Items listed in a dataset
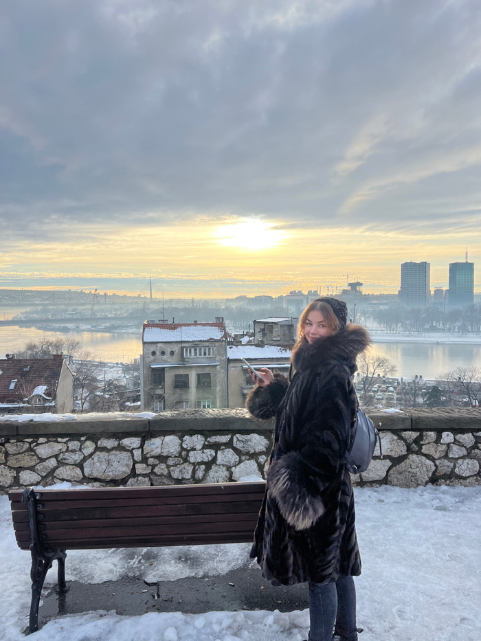 A young woman stands on a snow-covered overlook at Kalemegdan Fortress in Belgrade, Serbia, facing the camera and smiling. She wears a long, dark fur coat with a fur-lined hood and cuffs, a dark patte…read more
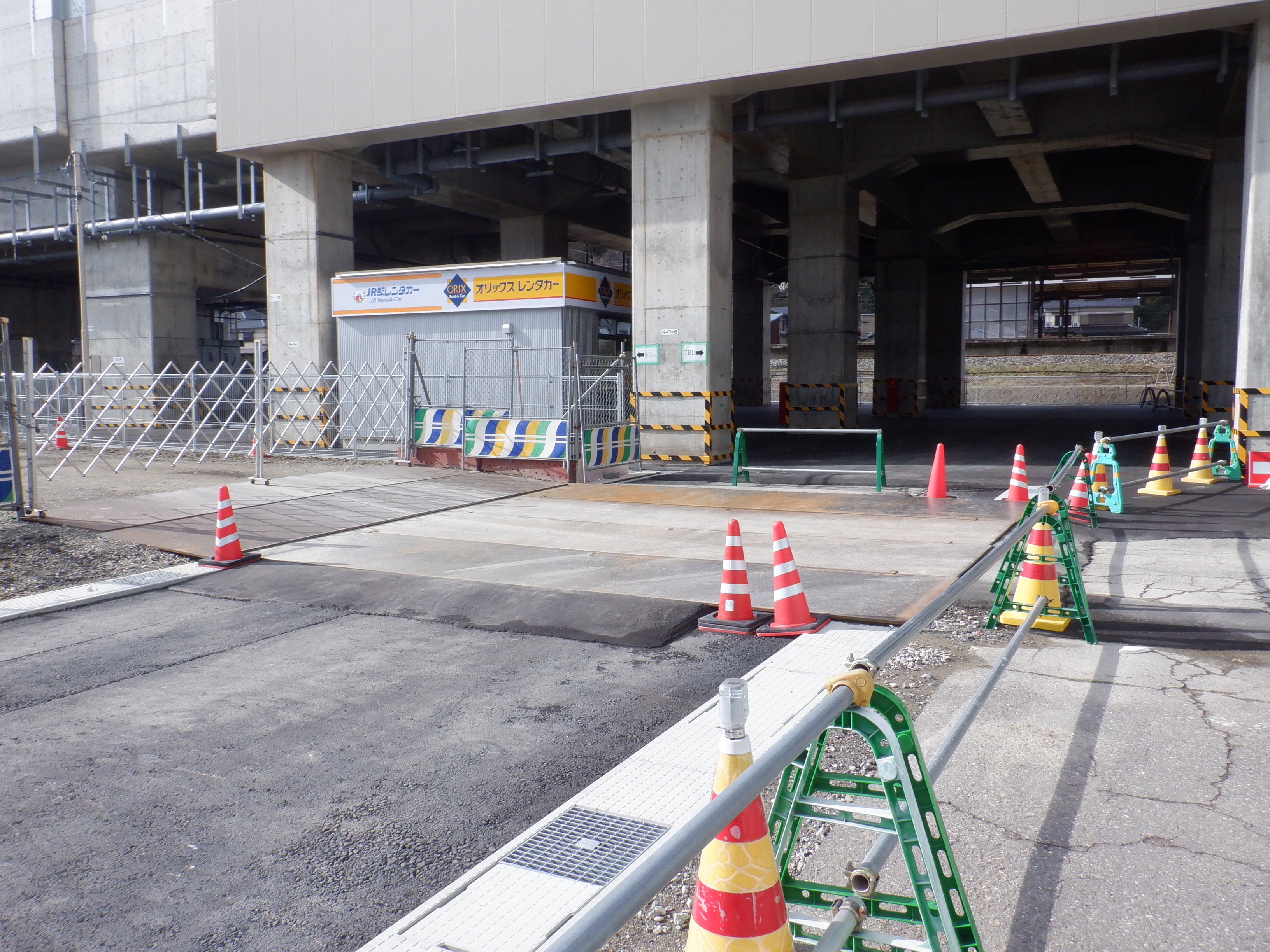 迂回通路から見たレンタカー屋さんの建物となるところ。
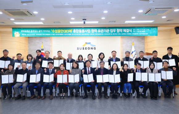 [고타야뉴스=이은희기자]대구 수성구는 지난 27일 구청 대강당에서 ‘수성품안(安)에’ 통합돌봄 사업의 안정적 추진을 위해 관내 27개 유관 기관과 업무협약을 체결하고, 민관 협력 기반의 지역 통합돌봄 체계 구축에 본격 나섰다.
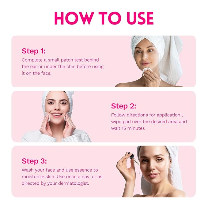 - NON-WOVEN TEXTURED RESURFACING PADS-- Each jar comes with 80 non-woven textured resurfacing pads and 1 tweezer for easy application. Step 1: Complete a small patch test behind the ear or under the chin before using it on the face. Step 2: Carefully follow directions for application and discontinue use immediately if any redness or irritation occurs. Step 3. wipe pad over the desired area and wait 15 minutes and then rinse your face.
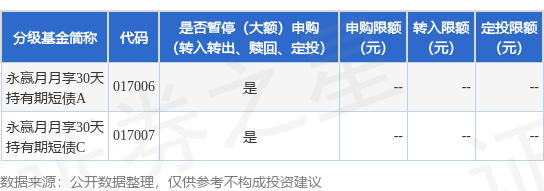 证券之星消息,1月23日永赢基金管理有限公司发布《永赢月月享30天持有期短债债券型证券投资基金暂停大额申购(含定期定额投资)、转换转入业务的公告》。公告中提示,为保障基金平稳运作,根据《永赢月月享30天持有期短债债券型证券投资基金基金合同》的有关规定,自2025年1月24日起永赢月月享30天持有期短债债券型证券投资基金暂停大额申购(含定期定额投资)、转换转入业务,申购、转换转入上限金额为10.0万元,下属分级基金调整明细如下:
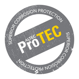 DM0000: The mark consists of a grey circle with white appearing to randomly streak through it around a solid white center on a solid white background, with the words "SUPERIOR CORROSION PROTECTION" in white letters inside the gray circle both at the top of the circle and upside down at the bottom of the circle which is rotated slightly to the left, with a gray bar across the center of the solid white center of the circle connecting both sides of the grey circle with the word "ALTEC" in smaller, white, capital letters above the larger lower-case letters "ro" of "Pro" which is also in white on the grey crossbar followed by the larger capital letters "TEC" in gold on the grey crossbar.
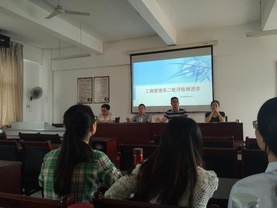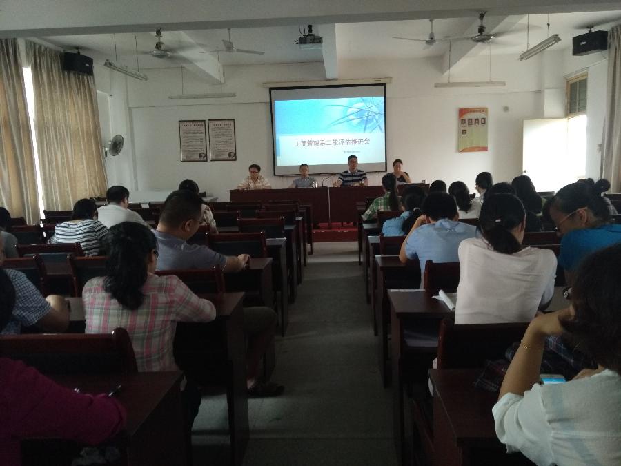 5月10日下午,我系在25号楼401室召开二轮评估推进会。出席会议的有工商系主任蔡元忠、党总支书记陈凯、副主任方丰霞、刘伟、各教研室全部教师,会议由陈凯书记主持。

» Required work
The lines from the one containing "证券之星消息,1月23日永赢" through the end of the data above are to be copied exactly, both ends included, and pictures are to be omitted.

» Task solution
 证券之星消息,1月23日永赢基金管理有限公司发布《永赢月月享30天持有期短债债券型证券投资基金暂停大额申购(含定期定额投资)、转换转入业务的公告》。公告中提示,为保障基金平稳运作,根据《永赢月月享30天持有期短债债券型证券投资基金基金合同》的有关规定,自2025年1月24日起永赢月月享30天持有期短债债券型证券投资基金暂停大额申购(含定期定额投资)、转换转入业务,申购、转换转入上限金额为10.0万元,下属分级基金调整明细如下:
 DM0000: The mark consists of a grey circle with white appearing to randomly streak through it around a solid white center on a solid white background, with the words "SUPERIOR CORROSION PROTECTION" in white letters inside the gray circle both at the top of the circle and upside down at the bottom of the circle which is rotated slightly to the left, with a gray bar across the center of the solid white center of the circle connecting both sides of the grey circle with the word "ALTEC" in smaller, white, capital letters above the larger lower-case letters "ro" of "Pro" which is also in white on the grey crossbar followed by the larger capital letters "TEC" in gold on the grey crossbar.
 5月10日下午,我系在25号楼401室召开二轮评估推进会。出席会议的有工商系主任蔡元忠、党总支书记陈凯、副主任方丰霞、刘伟、各教研室全部教师,会议由陈凯书记主持。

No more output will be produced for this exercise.